Microsoft’s Azure AD begins public preview of FIDO2 security keys, enabling passwordless logins

Brad Stephenson

Windows 10 laptop with FIDO2 security keys USB device

Microsoft’s Azure Active Directory (Azure AD) this week began its public preview of support for FIDO2 security keys.

The implementation of FIDO2 technologies allows users to sign into devices and services without the use of a traditional password. In this case, developers will now be able to offer FIDO2 login solutions for Azure AD-connected apps and services.

“Every day, more and more of our customers move to cloud services and applications. They need to know that the data and services stored in these services are secure. Unfortunately, passwords are no longer an effective security mechanism,” Microsoft’s Alex Simons explained in an official blog post. “We know from industry analysts that 81 percent of successful cyberattacks begin with a compromised username and password. Additionally, traditional MFA, while very effective, can be hard to use and has a very low adoption rate.”

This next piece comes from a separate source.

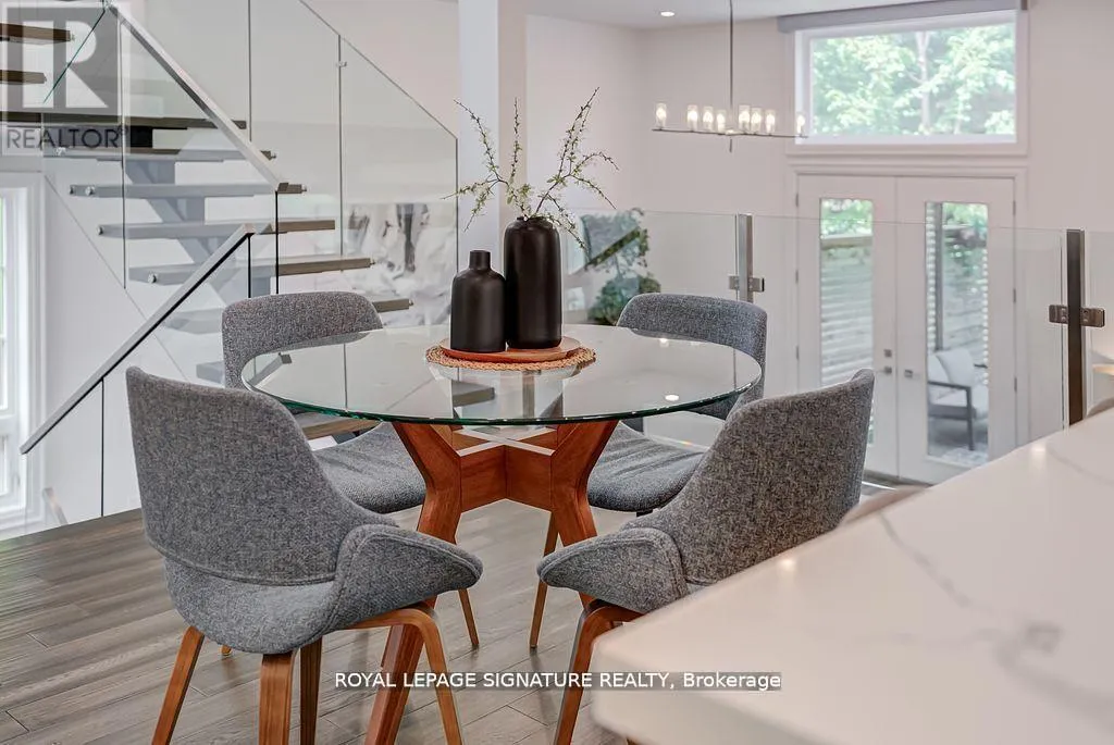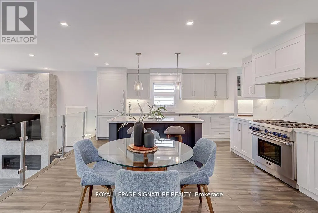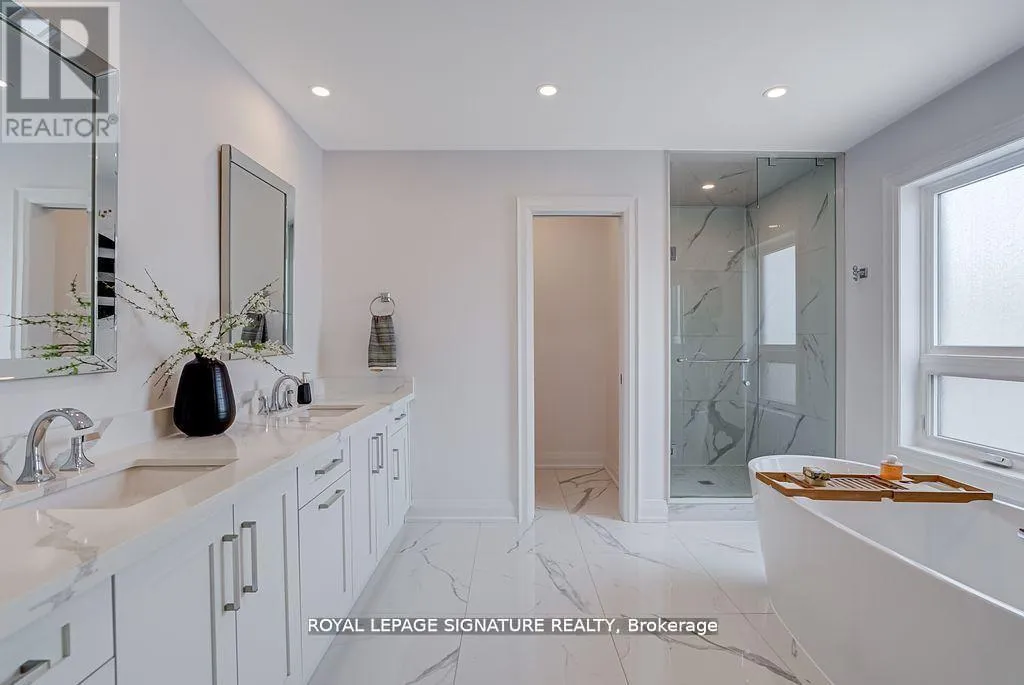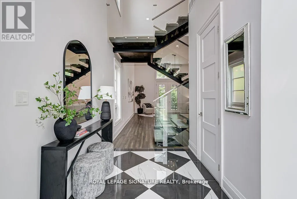 Evans Ave. & Royal York Rd. Welcome to 110 Evans Avenue, an exceptional custom built contemporary home set on a rare 40 by120 foot lot in the heart of Mimico. This thoughtfully designed residence features a split level main floor with soaring thirteen foot ceilings and a dramatic open to above living room that floods the space with natural light, along with a chef inspired kitchen equipped with Thermador appliances, a spacious eat in area, and a walk through butler's pantry with wet bar that connects seamlessly to the formal dining room for effortless entertaining. The upper level offers four generous bedrooms, a secondary laundry room, and a luxurious primary suite with a walk through closet and spa like ensuite, while the fully finished basement adds a large recreation room, full bath, and fifth bedroom ideal for guests, in laws, or a private office. Additional highlights include dual HVAC systems, an oversized two and a half car built in garage, and a covered backyard verandah overlooking a deep, private green space perfect for outdoor dining and play. Situated just steps from the Mimico GO Station, parks, schools, lakefront trails, local shops, and restaurants, this home also comes move in ready with a one year home warranty and pre inspection report, offering an exceptional opportunity to live beautifully in one of Etobicoke's most vibrant lakefront communities. Seller Financing Incentive available VTB 65% LTV at 3.89% 1 Year Term. (id:27476)

“It’s clear we need to provide our customers with authentication options that are secure and easy to use, so they can confidently access information without having to worry about hackers taking over their accounts. This is where passwordless authentication comes in. We believe it will help to significantly and permanently reduce the risk of account compromise.”

To coincide with the added support for FIDO2 security keys, Microsoft, today, also announced a partnership with Feitian Technologies, HID Global, and Yubico, three companies that specialize in the creation of modern secure login hardware using biometrics, NFC and USB security keys, and smart cards.

All three companies are currently offering discounts on their hardware for organisations interested in investing in bulk. Details on each offer can be found here.

Microsoft began working with the FIDO organization way back in 2013 and has since been an active party in developing newer and more secure technologies. The company’s own Windows Hello login method gained FIDO2 certification in May.